Controllers can now be directly enabled or disabled in a cgroup
by writing to the "cgroup.controllers" file.  The special prefix
'#' with the controller name is used to set that controller in
pass-through mode.  In that mode, the controller is disabled for that
cgroup but it allows its children to have that controller enabled or
in pass-through mode again.

With this change, each controller can now have a unique view of their
virtual process hierarchy that can be quite different from other
controllers.  We now have the freedom and flexibility to create the
right hierarchy for each controller to suit their own needs without
performance loss when compared with cgroup v1.

Signed-off-by: Waiman Long <longman@...hat.com>
---
 Documentation/cgroup-v2.txt | 125 ++++++++++++++++++---
 include/linux/cgroup-defs.h |  11 ++
 kernel/cgroup/cgroup.c      | 263 ++++++++++++++++++++++++++++++++++++++------
 kernel/cgroup/debug.c       |   8 +-
 4 files changed, 359 insertions(+), 48 deletions(-)

diff --git a/Documentation/cgroup-v2.txt b/Documentation/cgroup-v2.txt
index 0f41282..bb27491 100644
--- a/Documentation/cgroup-v2.txt
+++ b/Documentation/cgroup-v2.txt
@@ -308,25 +308,28 @@ both cgroups.
 2-4-1. Enabling and Disabling
 
 Each cgroup has a "cgroup.controllers" file which lists all
-controllers available for the cgroup to enable.
+controllers available for the cgroup to enable for its children.
 
   # cat cgroup.controllers
   cpu io memory
 
-No controller is enabled by default.  Controllers can be enabled and
-disabled by writing to the "cgroup.subtree_control" file.
+No controller is enabled by default.  Controllers can be
+enabled and disabled on the child cgroups by writing to the
+"cgroup.subtree_control" file.
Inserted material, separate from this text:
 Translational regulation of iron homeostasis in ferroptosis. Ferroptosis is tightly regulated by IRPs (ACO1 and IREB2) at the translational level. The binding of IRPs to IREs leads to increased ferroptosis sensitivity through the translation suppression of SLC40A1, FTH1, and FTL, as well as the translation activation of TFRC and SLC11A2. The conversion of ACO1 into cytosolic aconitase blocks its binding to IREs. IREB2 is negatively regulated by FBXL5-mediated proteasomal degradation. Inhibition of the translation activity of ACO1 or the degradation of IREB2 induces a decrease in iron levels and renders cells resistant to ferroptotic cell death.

A '+' prefix enables the controller,
+and a '-' prefix disables it.
 
   # echo "+cpu +memory -io" > cgroup.subtree_control
 
-Only controllers which are listed in "cgroup.controllers" can be
-enabled.  When multiple operations are specified as above, either they
-all succeed or fail.  If multiple operations on the same controller
-are specified, the last one is effective.
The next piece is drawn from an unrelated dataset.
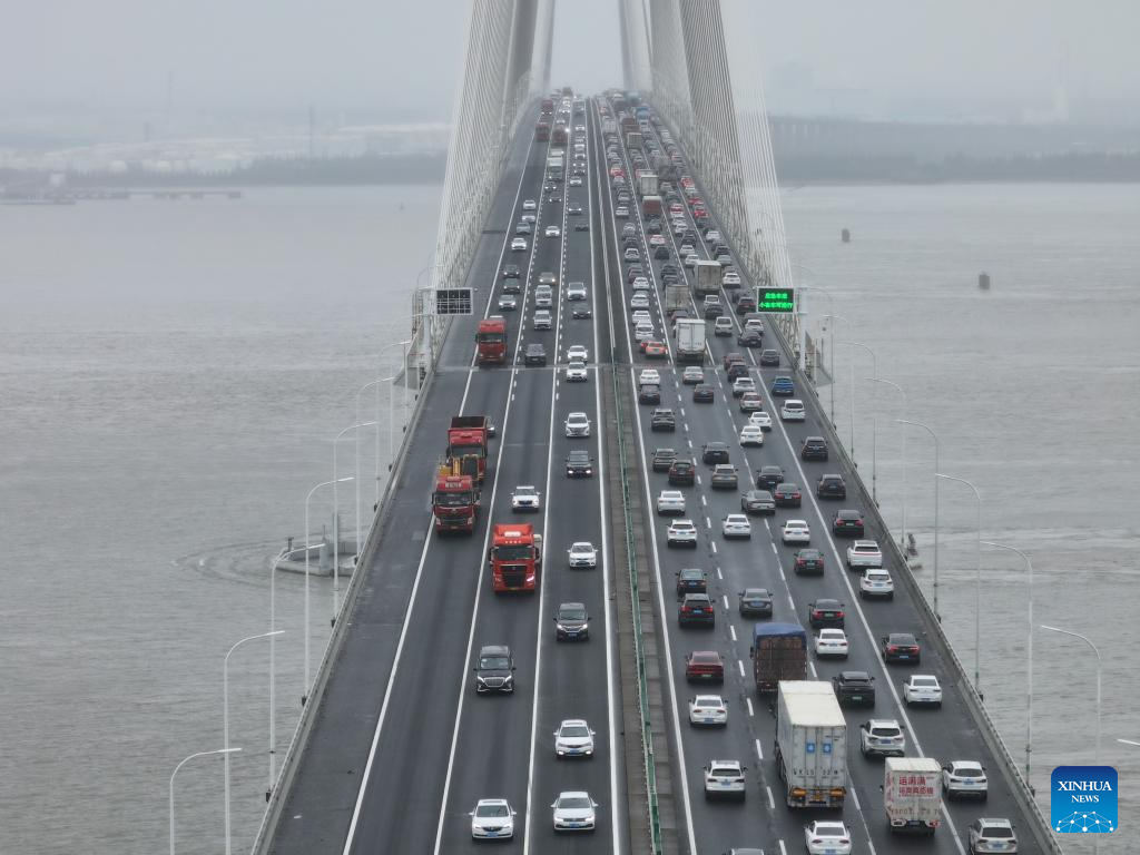 An aerial drone photo taken on Oct. 6, 2024 shows the traffic on a bridge in Nantong, east China's Jiangsu Province. China sees a surge in return trips on Sunday as the week-long National Day holiday draws to a close. (Photo by Xu Congjun/Xinhua)

+Only controllers which are listed in "cgroup.controllers" can
+be enabled in the "cgroup.subtree_control" file.  When multiple
+operations are specified as above, either they all succeed or fail.
+If multiple operations on the same controller are specified, the last
+one is effective.
 
 Enabling a controller in a cgroup indicates that the distribution of
 the target resource across its immediate children will be controlled.
-Consider the following sub-hierarchy.  The enabled controllers are
-listed in parentheses.
+Consider the following sub-hierarchy.  The enabled controllers in the
+"cgroup.subtree_control" file are listed in parentheses.
 
   A(cpu,memory) - B(memory) - C()
                             \ D()
@@ -336,6 +339,17 @@ of CPU cycles and memory to its children, in this case, B.  As B has
 "memory" enabled but not "CPU", C and D will compete freely on CPU
 cycles but their division of memory available to B will be controlled.
 
+By not enabling a controller in a cgroup and its descendants, we can
+effectively trim the hierarchy as seen by a controller from the leafs
+up. From the perspective of the cpu controller, the hierarchy is:
+
+  A - B|C|D
+
+From the perspective of the memory controller, the hierarchy becomes:
+
+  A - B - C
+        \ D
+
 As a controller regulates the distribution of the target resource to
 the cgroup's children, enabling it creates the controller's interface
 files in the child cgroups.  In the above example, enabling "cpu" on B
@@ -343,7 +357,81 @@ would create the "cpu." prefixed controller interface files in C and
 D.  Likewise, disabling "memory" from B would remove the "memory."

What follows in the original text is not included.